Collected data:
:::::
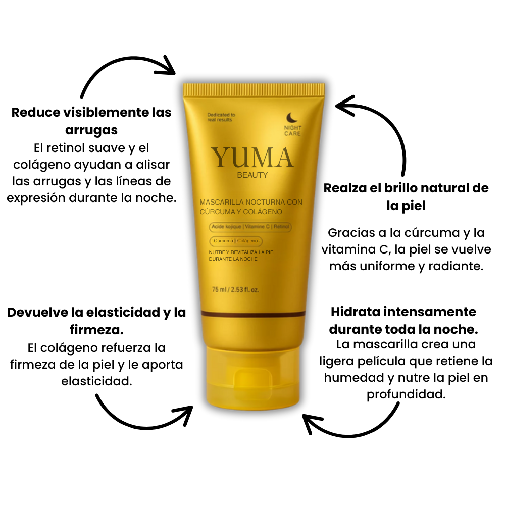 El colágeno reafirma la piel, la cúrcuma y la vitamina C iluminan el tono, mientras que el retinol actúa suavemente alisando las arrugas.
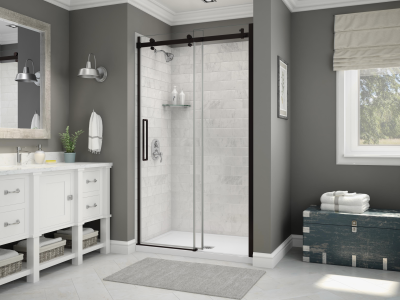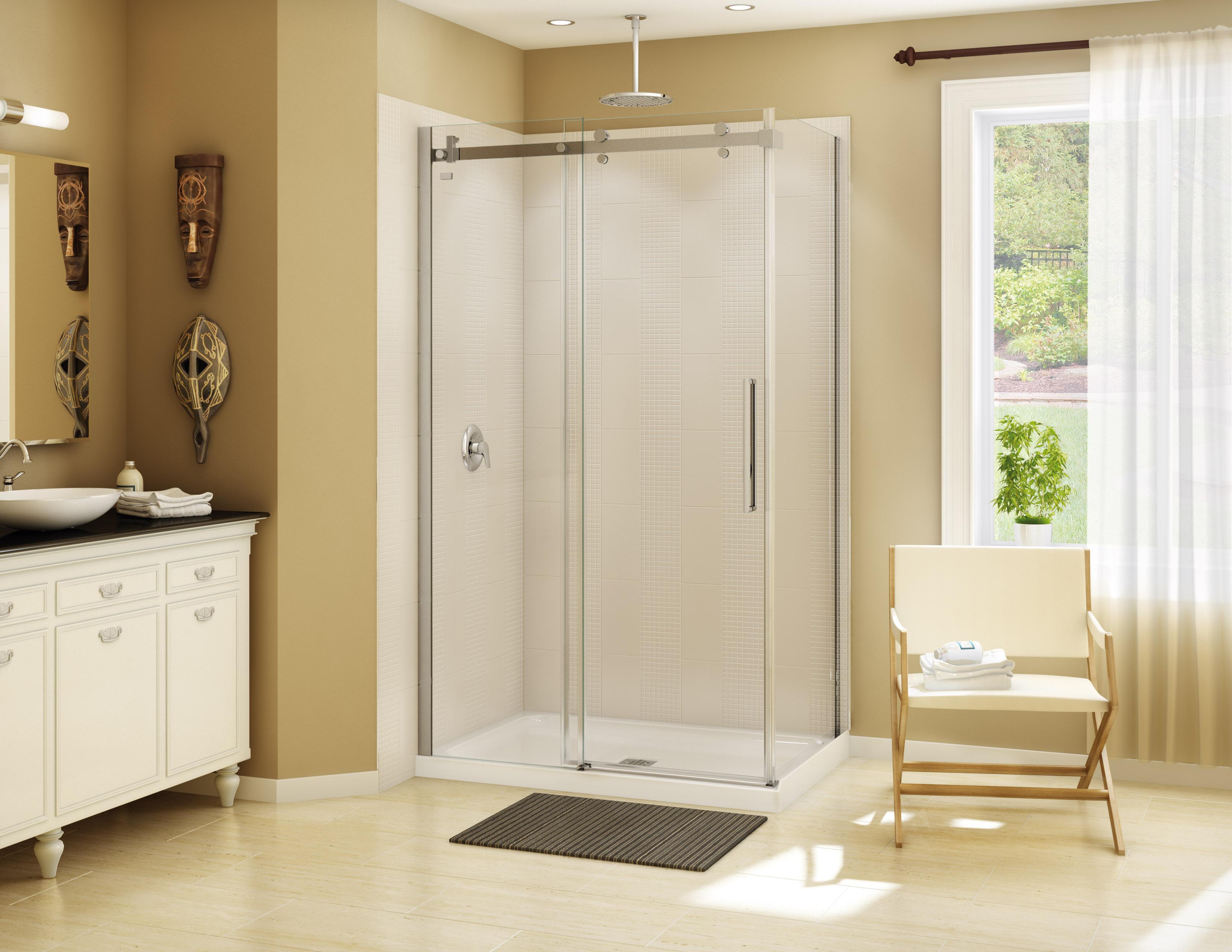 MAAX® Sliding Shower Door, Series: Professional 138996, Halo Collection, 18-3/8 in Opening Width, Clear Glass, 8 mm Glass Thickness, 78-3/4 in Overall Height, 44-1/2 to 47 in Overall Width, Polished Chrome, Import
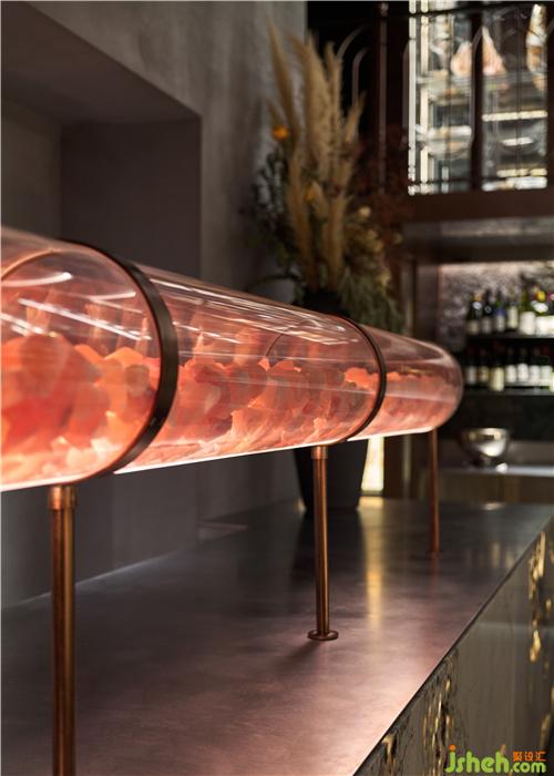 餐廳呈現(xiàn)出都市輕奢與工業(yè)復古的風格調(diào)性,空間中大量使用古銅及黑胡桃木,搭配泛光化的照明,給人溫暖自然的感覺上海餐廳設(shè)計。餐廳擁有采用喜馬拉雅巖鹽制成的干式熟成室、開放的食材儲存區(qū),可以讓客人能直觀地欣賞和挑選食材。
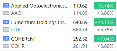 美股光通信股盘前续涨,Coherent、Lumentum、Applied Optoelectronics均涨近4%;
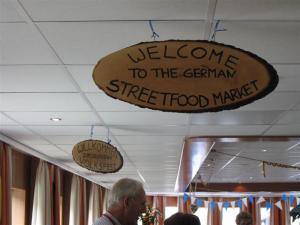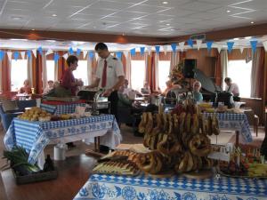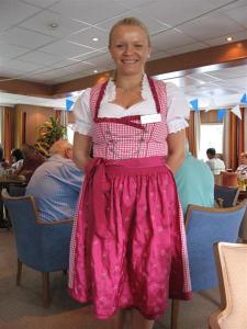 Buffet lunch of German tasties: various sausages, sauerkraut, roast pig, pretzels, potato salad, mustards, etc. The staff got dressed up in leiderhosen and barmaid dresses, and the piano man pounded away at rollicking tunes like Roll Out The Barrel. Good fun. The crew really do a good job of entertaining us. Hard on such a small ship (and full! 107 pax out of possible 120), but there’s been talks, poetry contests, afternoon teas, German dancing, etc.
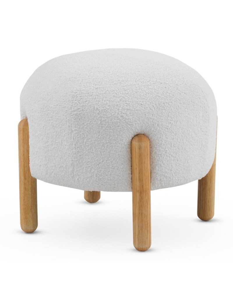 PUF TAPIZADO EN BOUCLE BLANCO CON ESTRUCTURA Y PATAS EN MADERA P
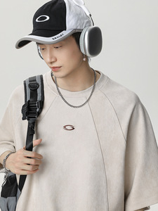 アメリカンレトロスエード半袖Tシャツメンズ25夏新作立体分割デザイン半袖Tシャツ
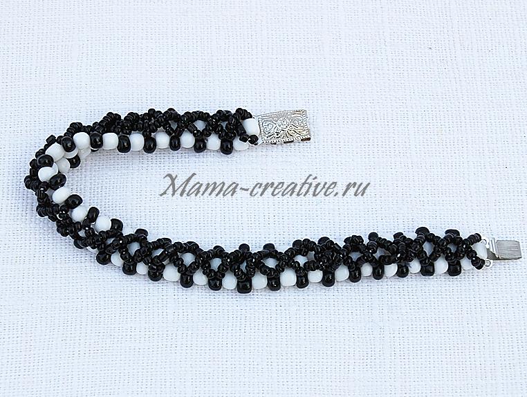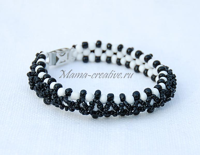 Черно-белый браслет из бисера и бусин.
:::::
• **What the exercise asks**:
Repeat the entries word for word and skip the pictures.

• **Written reply**:
 El colágeno reafirma la piel, la cúrcuma y la vitamina C iluminan el tono, mientras que el retinol actúa suavemente alisando las arrugas.
 MAAX® Sliding Shower Door, Series: Professional 138996, Halo Collection, 18-3/8 in Opening Width, Clear Glass, 8 mm Glass Thickness, 78-3/4 in Overall Height, 44-1/2 to 47 in Overall Width, Polished Chrome, Import
 餐廳呈現(xiàn)出都市輕奢與工業(yè)復古的風格調(diào)性,空間中大量使用古銅及黑胡桃木,搭配泛光化的照明,給人溫暖自然的感覺上海餐廳設(shè)計。餐廳擁有采用喜馬拉雅巖鹽制成的干式熟成室、開放的食材儲存區(qū),可以讓客人能直觀地欣賞和挑選食材。
 美股光通信股盘前续涨,Coherent、Lumentum、Applied Optoelectronics均涨近4%;
 Buffet lunch of German tasties: various sausages, sauerkraut, roast pig, pretzels, potato salad, mustards, etc. The staff got dressed up in leiderhosen and barmaid dresses, and the piano man pounded away at rollicking tunes like Roll Out The Barrel. Good fun. The crew really do a good job of entertaining us. Hard on such a small ship (and full! 107 pax out of possible 120), but there’s been talks, poetry contests, afternoon teas, German dancing, etc.
 PUF TAPIZADO EN BOUCLE BLANCO CON ESTRUCTURA Y PATAS EN MADERA P
 アメリカンレトロスエード半袖Tシャツメンズ25夏新作立体分割デザイン半袖Tシャツ
 Черно-белый браслет из бисера и бусин.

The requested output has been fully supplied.